当前位置: 首页 > 面试题库 >

elasticsearch python parallel_bulk无法插入数据

东郭宏深
2023-03-14
问题内容

我曾经parallel_bulk在python中向Elasticsearch插入数据,但parallel_bulk无法插入数据。我的代码:

class CreateIndex(object):
def _gen_data(self, index, doc_type, chunk_size):
    sql = """select * from tem_search_engine_1 where rownum <= 10000"""  
    self.cursor.execute(sql)
    col_name_list = [col[0].lower() for col in self.cursor.description]
    col_name_len = len(col_name_list)
    actions = []

    start = time.time()
    for row in self.cursor:
        source = {}
        tbl_id = ""
        for i in range(col_name_len):
            source.update({col_name_list[i]: str(row[i])})
            if col_name_list[i] == "tbl_id":
                tbl_id = row[i]
        action = {
            "_index": index,
            "_type": doc_type,
            "_id": tbl_id,  
            "_source": source
        }
        actions.append(action)
        if len(actions) == chunk_size:
            print("actions time:", time.time()-start)
            yield actions
            actions = []
    print("for time:", time.time()-start)
    yield actions

def bulk_data(self, index, doc_type, chunk_size=1000, is_parallel=True, threads_counts=4):

    t1 = time.time()
    gen_action = self._gen_data(index, doc_type, chunk_size)

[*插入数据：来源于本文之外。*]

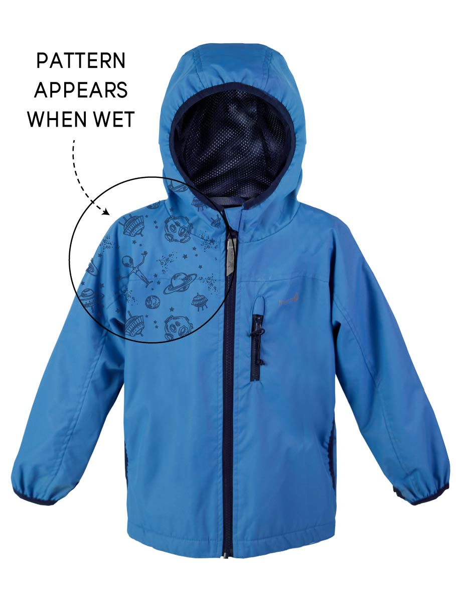 Kids cannot get enough of these SplashMagic rain jackets. Be prepared for them wanting to show anyone (and we mean ANYONE) the secret pattern appearing when their jacket gets wet!As well as having a cool SplashMagic pattern, these raincoats feature a 5,000mm waterproof outer shell, and are 100% windproof. Lightweight and easy wearing, with a soft mesh lining that kids love to wear. We have added thumbholes to ensure hand coverage in wind and rain, and fleece lined zipper pockets. Perfect for daily adventures and outdoor pursuits alike! When they do get wet and dirty, these awesome magic rain jackets are quick drying, and easy to throw in the washing machine and dryer (in fact the heat from the dryer preserves the water repellent teflon coating).

    if is_parallel is None or is_parallel == True:
        for success, info in helpers.parallel_bulk(client=self.es, actions=gen_action, thread_count=threads_counts):
            if not success:
                print("Insert failed: ", info)

if __name__ == "__main__":
    createindex = CreateIndex()
    createindex.create_index(index="se", doc_type="se_doc")
    createindex.bulk_data(index="se", doc_type="se_doc")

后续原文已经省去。